* Assignment: Could you restate word for word only the lines below from the one holding "Growth Requirements: Eggplants" to the one holding "2025-09-24씨엔알리서치가 YONSEI 글로벌", inclusive, and leave out the pictures?
═════ Listed entries
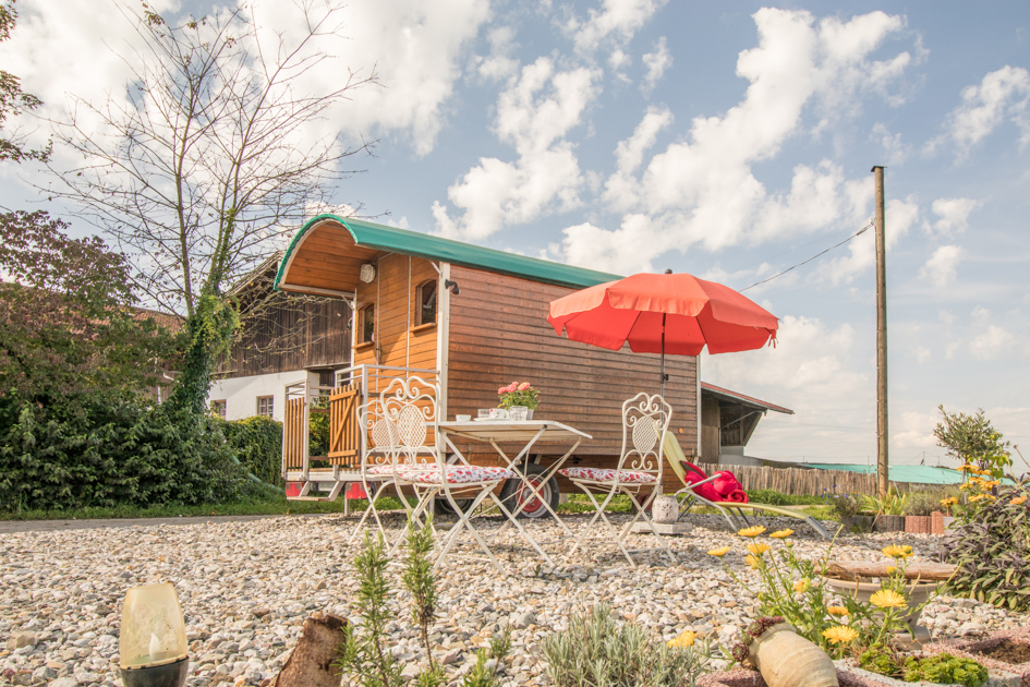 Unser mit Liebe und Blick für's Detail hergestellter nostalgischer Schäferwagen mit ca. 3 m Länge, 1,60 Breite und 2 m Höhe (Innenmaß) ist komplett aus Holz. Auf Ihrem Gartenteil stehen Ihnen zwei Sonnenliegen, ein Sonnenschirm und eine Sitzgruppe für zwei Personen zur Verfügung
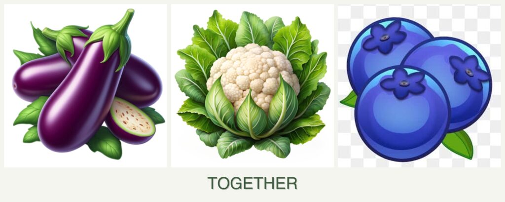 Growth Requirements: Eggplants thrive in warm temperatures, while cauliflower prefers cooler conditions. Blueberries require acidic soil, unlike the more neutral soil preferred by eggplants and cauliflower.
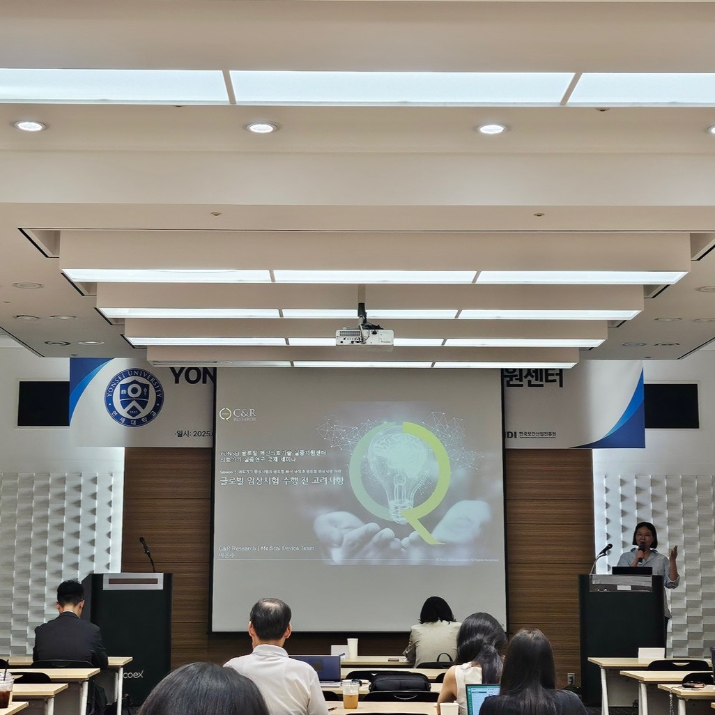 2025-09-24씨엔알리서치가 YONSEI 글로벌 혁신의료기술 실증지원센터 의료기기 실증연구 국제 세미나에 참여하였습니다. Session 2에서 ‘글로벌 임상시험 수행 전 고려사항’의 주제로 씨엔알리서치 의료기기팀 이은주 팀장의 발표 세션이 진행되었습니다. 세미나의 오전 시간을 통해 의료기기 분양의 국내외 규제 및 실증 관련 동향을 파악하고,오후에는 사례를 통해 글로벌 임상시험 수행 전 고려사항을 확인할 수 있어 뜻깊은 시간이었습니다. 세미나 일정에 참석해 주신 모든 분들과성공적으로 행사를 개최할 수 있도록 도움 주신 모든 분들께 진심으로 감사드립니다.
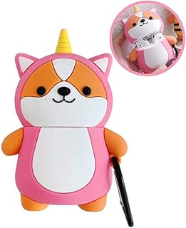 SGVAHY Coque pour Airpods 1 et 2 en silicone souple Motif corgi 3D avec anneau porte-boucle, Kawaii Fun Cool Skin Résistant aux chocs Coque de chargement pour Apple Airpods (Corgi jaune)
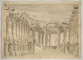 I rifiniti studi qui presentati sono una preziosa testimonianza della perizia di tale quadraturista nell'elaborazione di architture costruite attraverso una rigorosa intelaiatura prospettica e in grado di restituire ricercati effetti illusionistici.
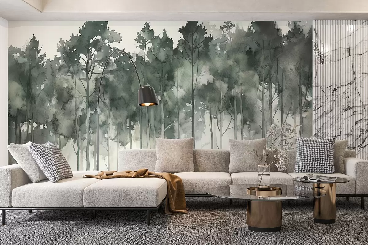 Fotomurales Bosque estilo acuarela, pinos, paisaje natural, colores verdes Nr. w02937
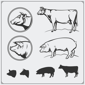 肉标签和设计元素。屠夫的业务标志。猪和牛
══════════
═════ Listed entries
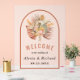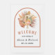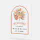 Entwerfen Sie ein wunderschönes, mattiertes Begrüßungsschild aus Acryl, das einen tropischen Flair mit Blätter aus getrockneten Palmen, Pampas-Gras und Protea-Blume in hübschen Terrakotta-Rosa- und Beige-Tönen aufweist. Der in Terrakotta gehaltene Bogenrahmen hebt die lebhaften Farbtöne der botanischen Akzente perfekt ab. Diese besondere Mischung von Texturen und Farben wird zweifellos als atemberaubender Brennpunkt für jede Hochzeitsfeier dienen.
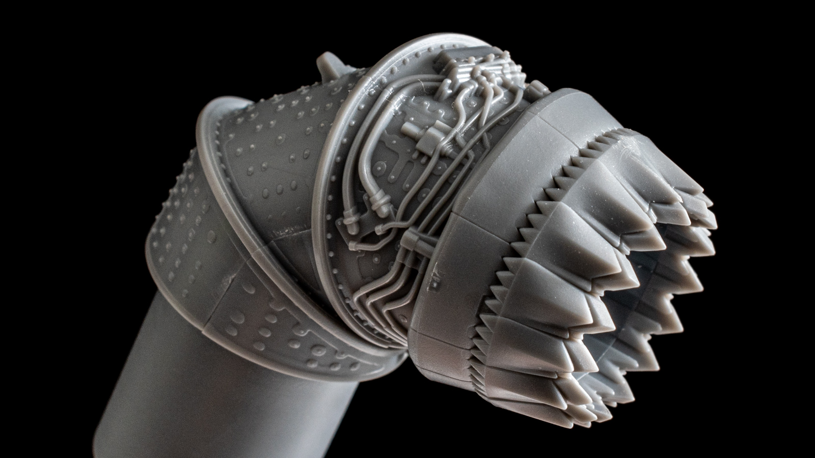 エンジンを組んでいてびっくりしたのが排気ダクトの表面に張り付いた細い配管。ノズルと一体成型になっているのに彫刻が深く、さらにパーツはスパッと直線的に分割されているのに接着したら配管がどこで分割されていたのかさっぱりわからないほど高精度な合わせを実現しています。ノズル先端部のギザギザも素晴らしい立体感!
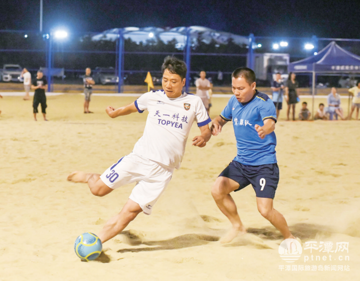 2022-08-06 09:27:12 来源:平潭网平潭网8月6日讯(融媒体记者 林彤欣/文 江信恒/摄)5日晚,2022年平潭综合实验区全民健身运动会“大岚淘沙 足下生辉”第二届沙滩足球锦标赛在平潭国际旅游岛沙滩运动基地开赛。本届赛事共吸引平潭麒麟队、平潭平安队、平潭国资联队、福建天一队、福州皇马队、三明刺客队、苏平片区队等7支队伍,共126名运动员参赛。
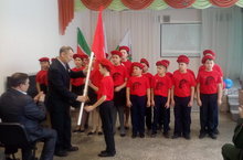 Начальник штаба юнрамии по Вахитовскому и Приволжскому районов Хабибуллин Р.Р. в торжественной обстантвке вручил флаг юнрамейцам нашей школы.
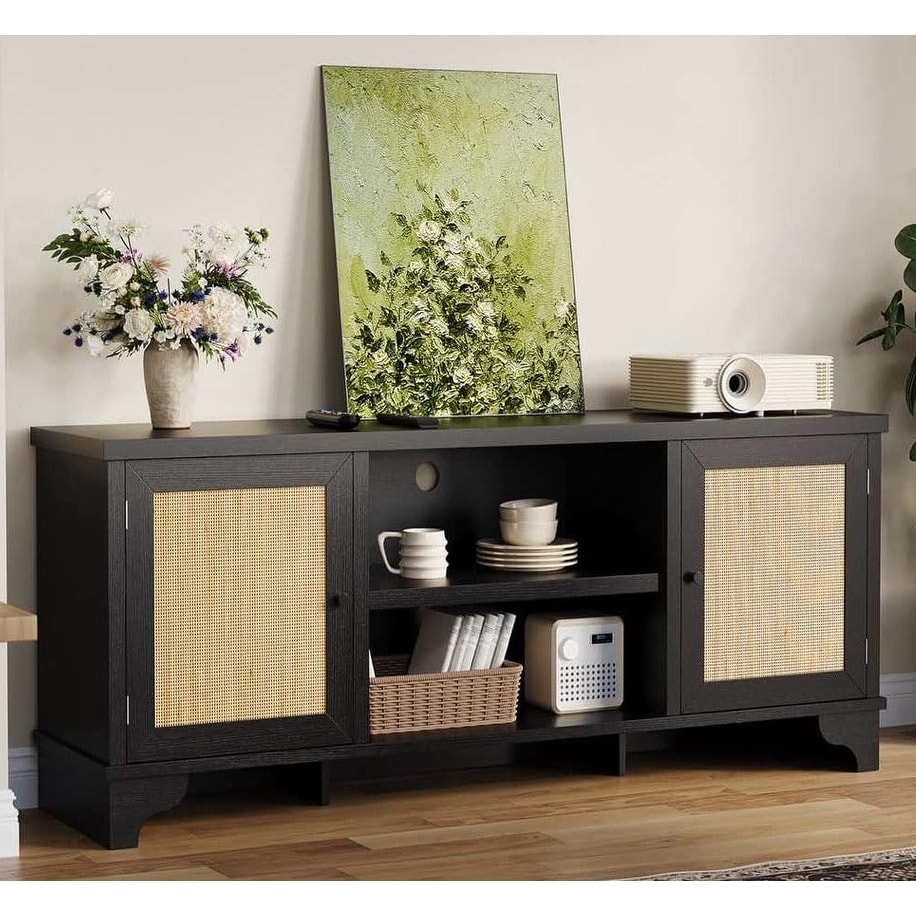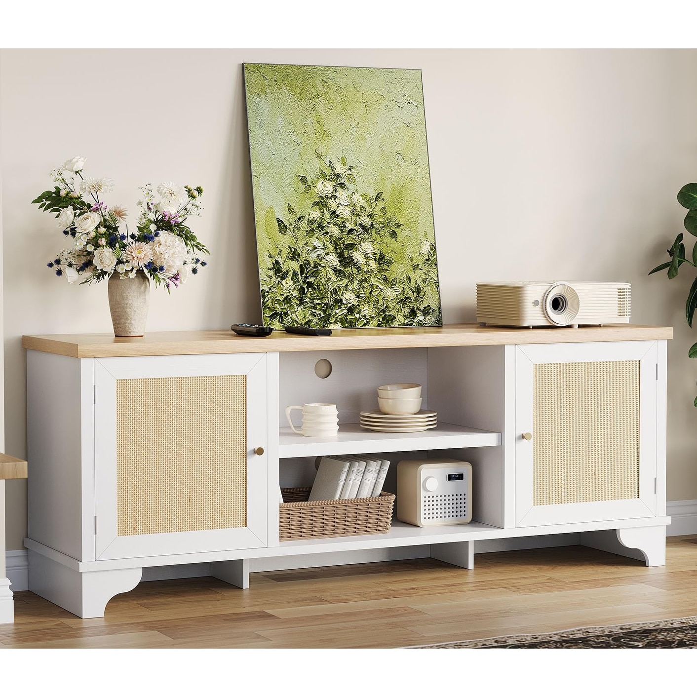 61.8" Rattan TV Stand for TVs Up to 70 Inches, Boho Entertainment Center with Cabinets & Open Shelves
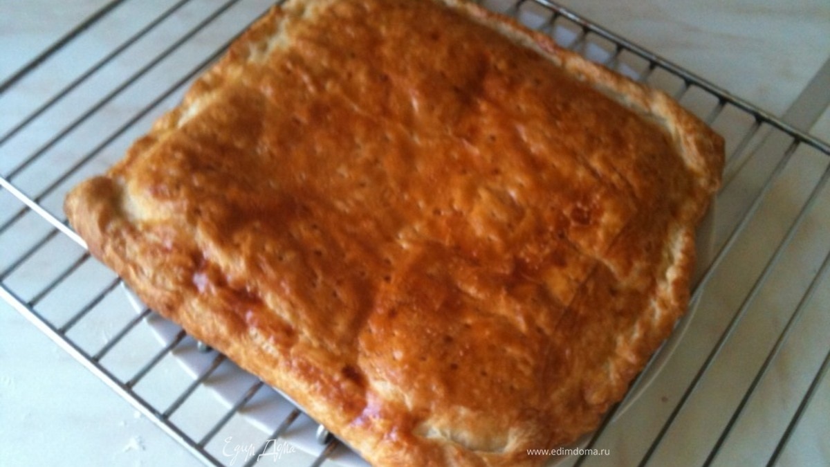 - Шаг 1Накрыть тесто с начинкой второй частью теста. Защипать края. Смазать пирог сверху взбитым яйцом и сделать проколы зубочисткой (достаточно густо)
══════════
═════ Listed entries
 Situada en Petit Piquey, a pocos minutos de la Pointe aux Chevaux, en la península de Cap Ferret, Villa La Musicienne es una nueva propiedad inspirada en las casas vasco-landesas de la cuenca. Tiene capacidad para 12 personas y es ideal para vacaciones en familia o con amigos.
══════════
* Written response:
 Growth Requirements: Eggplants thrive in warm temperatures, while cauliflower prefers cooler conditions. Blueberries require acidic soil, unlike the more neutral soil preferred by eggplants and cauliflower.
 2025-09-24씨엔알리서치가 YONSEI 글로벌 혁신의료기술 실증지원센터 의료기기 실증연구 국제 세미나에 참여하였습니다. Session 2에서 ‘글로벌 임상시험 수행 전 고려사항’의 주제로 씨엔알리서치 의료기기팀 이은주 팀장의 발표 세션이 진행되었습니다. 세미나의 오전 시간을 통해 의료기기 분양의 국내외 규제 및 실증 관련 동향을 파악하고,오후에는 사례를 통해 글로벌 임상시험 수행 전 고려사항을 확인할 수 있어 뜻깊은 시간이었습니다. 세미나 일정에 참석해 주신 모든 분들과성공적으로 행사를 개최할 수 있도록 도움 주신 모든 분들께 진심으로 감사드립니다.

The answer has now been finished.